Look through the entries below and copy exactly the part that begins with the line containing "1.查看右边的玻璃得知自己的" and ends with the line containing "A) ÉCRAN D’AFFICHAGE". Do not copy the pictures.

• _RECORDS FOR THIS EXERCISE_
.....

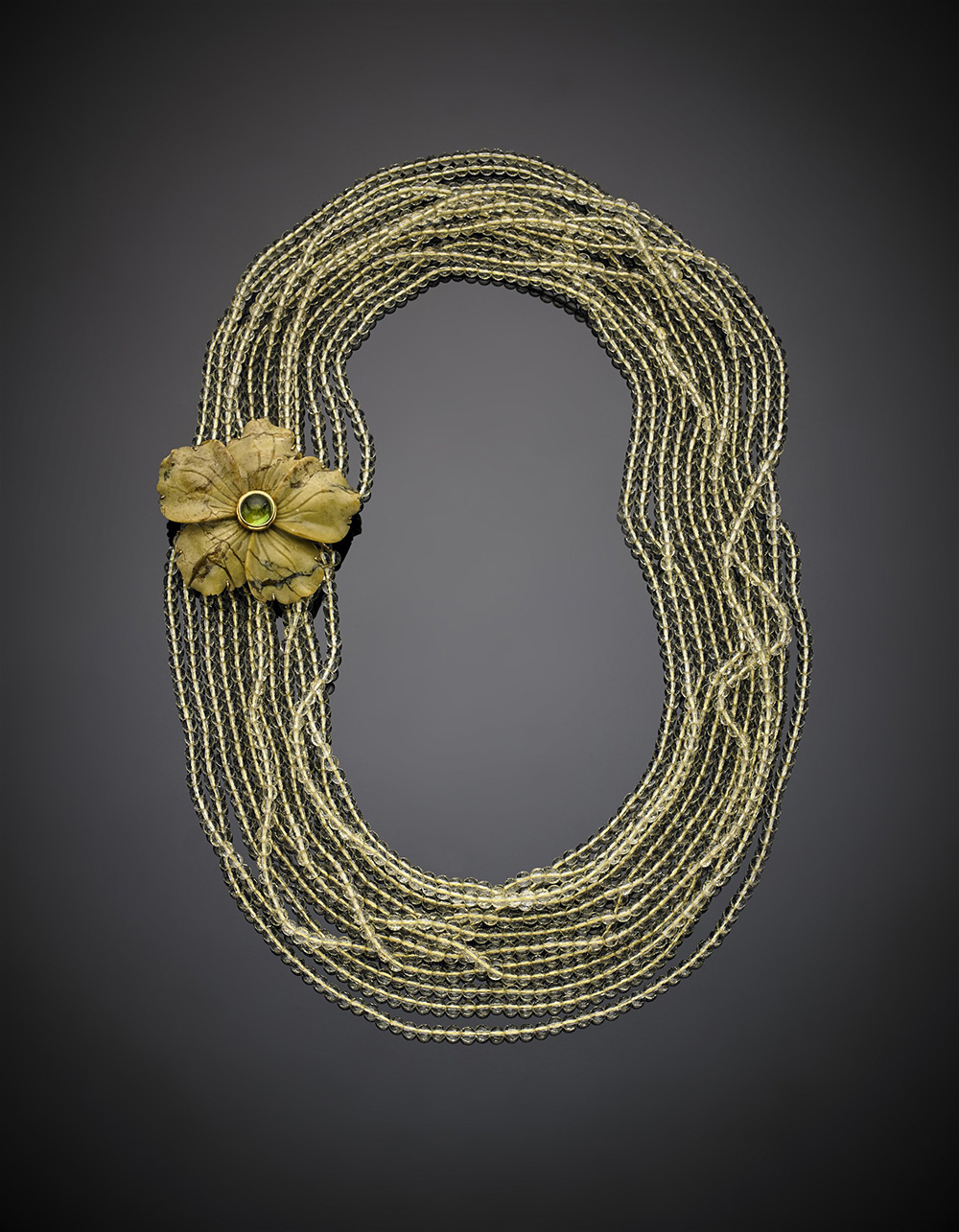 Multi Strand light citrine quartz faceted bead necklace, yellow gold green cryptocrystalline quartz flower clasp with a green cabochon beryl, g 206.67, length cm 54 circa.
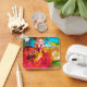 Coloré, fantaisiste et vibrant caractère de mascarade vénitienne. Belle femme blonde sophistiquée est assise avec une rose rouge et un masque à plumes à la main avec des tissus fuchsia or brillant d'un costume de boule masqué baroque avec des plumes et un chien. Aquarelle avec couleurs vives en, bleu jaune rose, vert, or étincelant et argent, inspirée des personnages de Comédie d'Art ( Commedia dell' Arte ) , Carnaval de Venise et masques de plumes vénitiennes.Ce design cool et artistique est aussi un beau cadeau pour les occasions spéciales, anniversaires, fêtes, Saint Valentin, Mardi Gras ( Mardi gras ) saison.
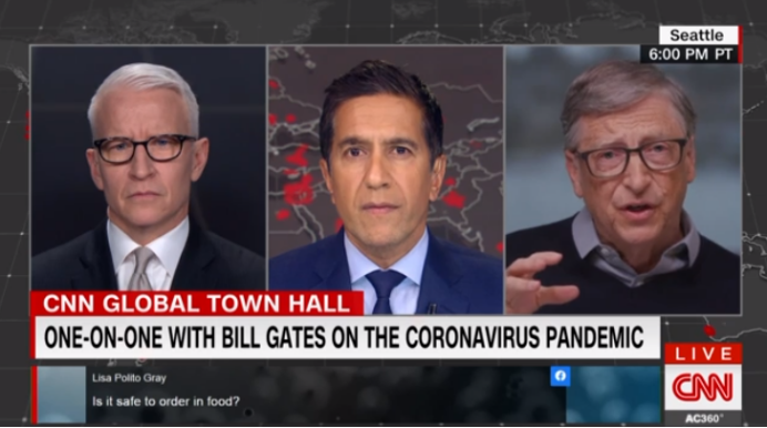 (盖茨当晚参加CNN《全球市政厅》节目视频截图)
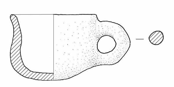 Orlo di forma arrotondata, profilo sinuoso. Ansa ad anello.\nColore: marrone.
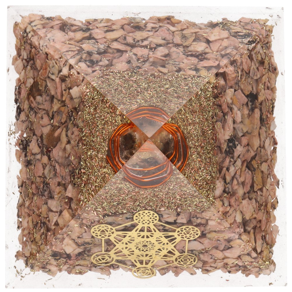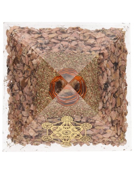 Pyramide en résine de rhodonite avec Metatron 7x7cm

.....

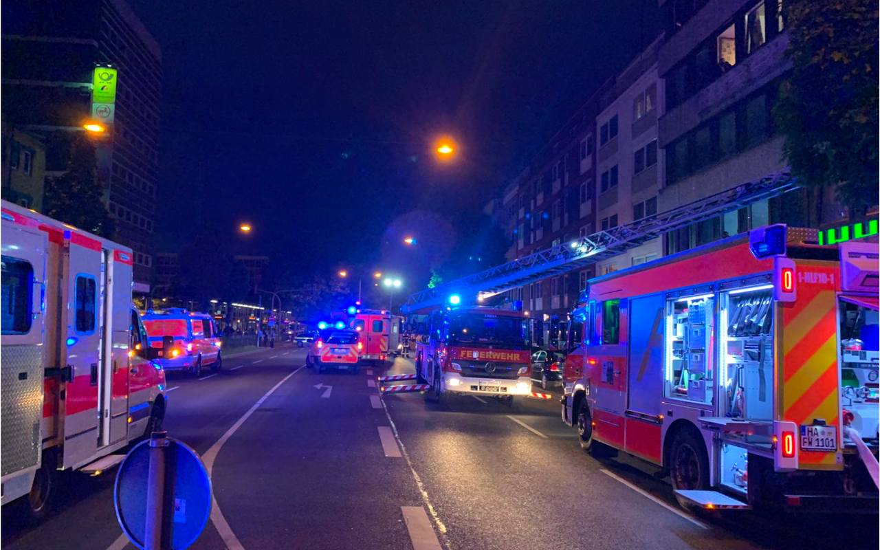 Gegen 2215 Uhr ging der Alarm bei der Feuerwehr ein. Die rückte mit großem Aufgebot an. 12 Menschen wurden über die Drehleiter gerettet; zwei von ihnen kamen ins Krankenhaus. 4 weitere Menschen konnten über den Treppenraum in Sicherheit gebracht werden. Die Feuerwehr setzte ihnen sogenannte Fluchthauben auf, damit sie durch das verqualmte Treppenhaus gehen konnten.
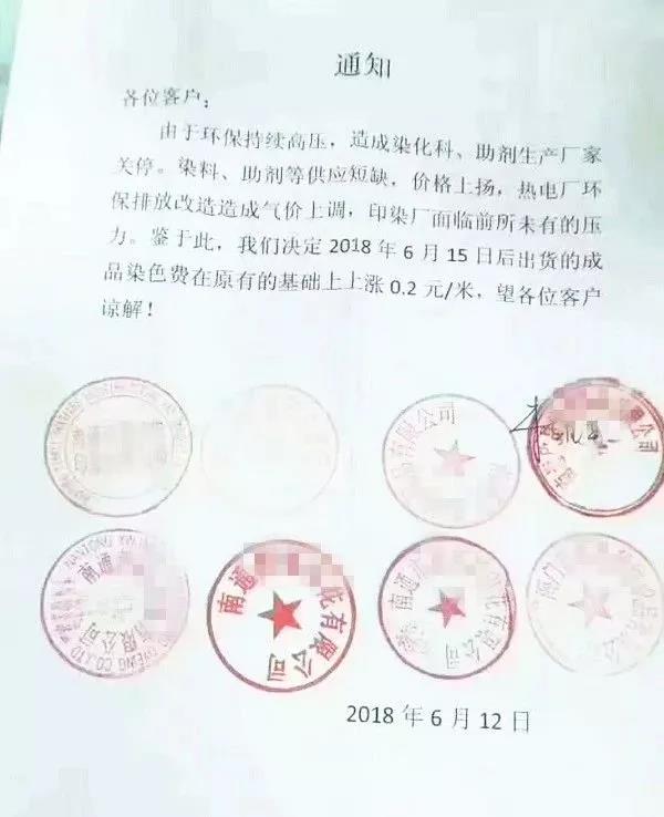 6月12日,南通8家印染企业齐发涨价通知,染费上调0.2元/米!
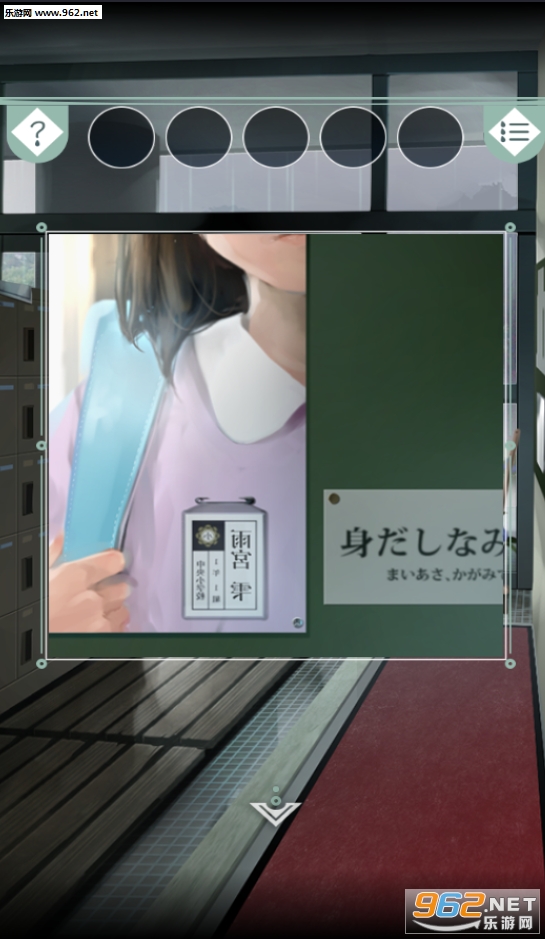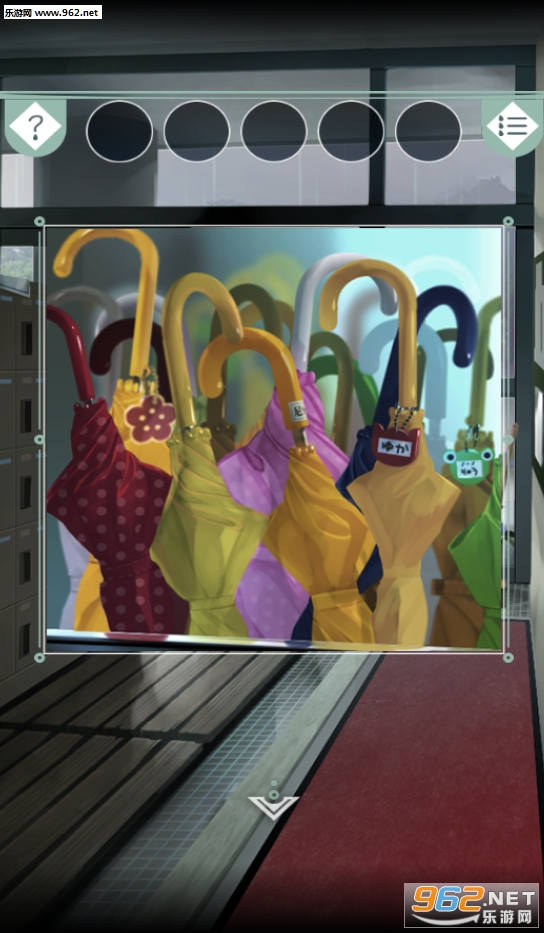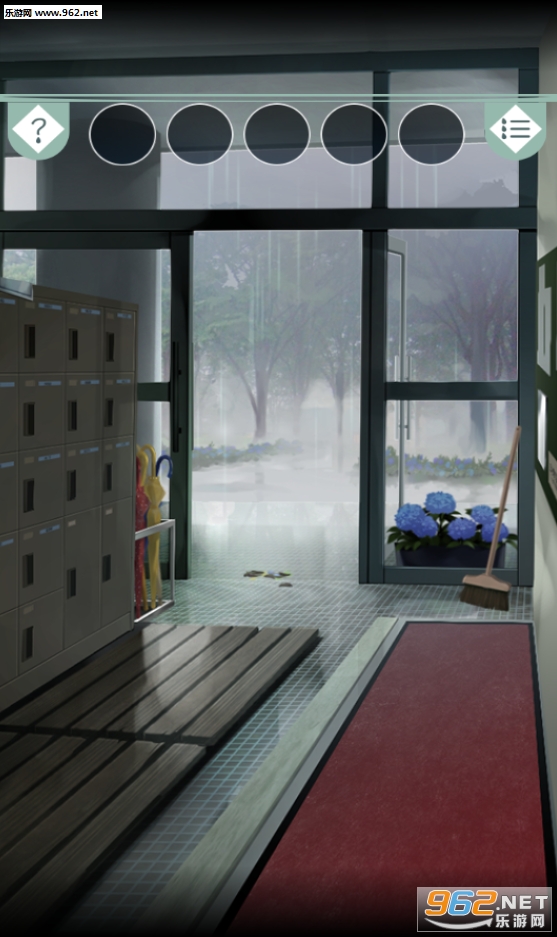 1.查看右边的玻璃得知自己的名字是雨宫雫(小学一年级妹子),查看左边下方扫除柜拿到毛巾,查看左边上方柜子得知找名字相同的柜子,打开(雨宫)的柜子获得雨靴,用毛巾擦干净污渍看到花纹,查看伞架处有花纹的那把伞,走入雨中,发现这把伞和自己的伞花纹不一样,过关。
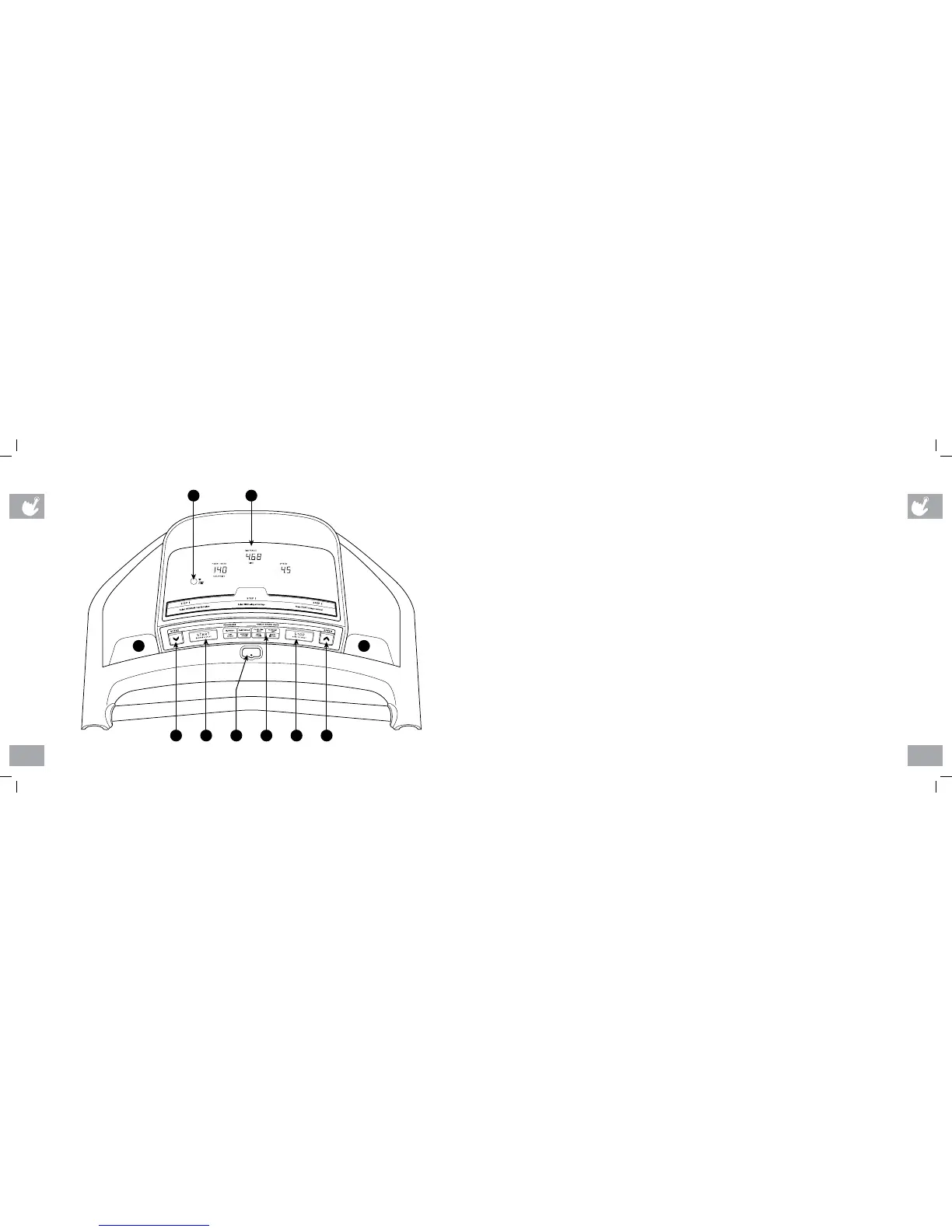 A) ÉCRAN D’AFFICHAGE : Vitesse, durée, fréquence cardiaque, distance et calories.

.....

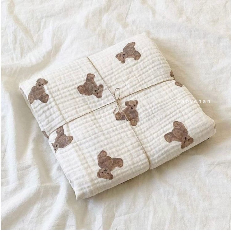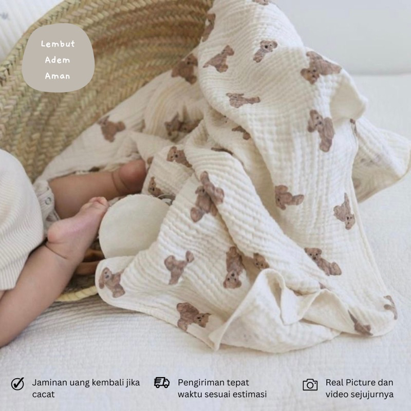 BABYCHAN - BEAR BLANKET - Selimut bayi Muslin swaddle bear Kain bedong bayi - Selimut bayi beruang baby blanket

.....

• _SOLUTION FOR THIS TASK_
 1.查看右边的玻璃得知自己的名字是雨宫雫(小学一年级妹子),查看左边下方扫除柜拿到毛巾,查看左边上方柜子得知找名字相同的柜子,打开(雨宫)的柜子获得雨靴,用毛巾擦干净污渍看到花纹,查看伞架处有花纹的那把伞,走入雨中,发现这把伞和自己的伞花纹不一样,过关。
 A) ÉCRAN D’AFFICHAGE : Vitesse, durée, fréquence cardiaque, distance et calories.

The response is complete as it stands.